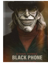
BLACK PHONE (2021) Scott Derrickson DVD TER bla

La última película de la directora francesa Carine Tardieu relata la historia de Pierre un joven oncólogo de prestigio, casado y con dos hijos, y su enamoramiento progresivo pero desbocado por Shauna, una arquitecta retirada, que se conocieron 15 años atrás pero es en el reencuentro cuando se enciende la chispa del deseo. Tardieu, con sobriedad de la puesta en escena y por la mesura de las interpretaciones, que nunca caen en la sensiblería ni la afectación artificial o exagerada, celebra el derecho de la mujer al amor, al deseo y al goce, independientemente de la edad. La irrupción en la trama de la enfermedad es un obstáculo más que deben sortear los protagonistas y que hace virar la pasión romántica hacia el cuidado. Como en todo buen melodrama, estamos frente a unos amantes que no deberían estar juntos, pero que tampoco pueden vivir separados.
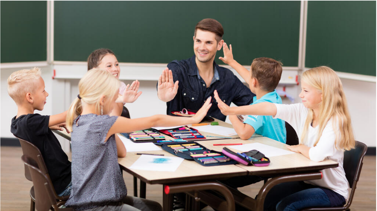
Förderlehrkraft wird man über den Weg einer Ausbildung

An allgemeinbildenden Schulen werden auch Förderlehrkräfte eingesetzt. In Bezug auf die Ausbildung zur Förderlehrkraft haben wir folgende Informationen bereitgestellt:

•••

▶ [What you have to do]:
Reproduce the material exactly; omit the pictures.

▶ [Output for this task]:
BLACK PHONE (2021) Scott Derrickson DVD TER bla

La última película de la directora francesa Carine Tardieu relata la historia de Pierre un joven oncólogo de prestigio, casado y con dos hijos, y su enamoramiento progresivo pero desbocado por Shauna, una arquitecta retirada, que se conocieron 15 años atrás pero es en el reencuentro cuando se enciende la chispa del deseo. Tardieu, con sobriedad de la puesta en escena y por la mesura de las interpretaciones, que nunca caen en la sensiblería ni la afectación artificial o exagerada, celebra el derecho de la mujer al amor, al deseo y al goce, independientemente de la edad. La irrupción en la trama de la enfermedad es un obstáculo más que deben sortear los protagonistas y que hace virar la pasión romántica hacia el cuidado. Como en todo buen melodrama, estamos frente a unos amantes que no deberían estar juntos, pero que tampoco pueden vivir separados.
Förderlehrkraft wird man über den Weg einer Ausbildung

An allgemeinbildenden Schulen werden auch Förderlehrkräfte eingesetzt. In Bezug auf die Ausbildung zur Förderlehrkraft haben wir folgende Informationen bereitgestellt:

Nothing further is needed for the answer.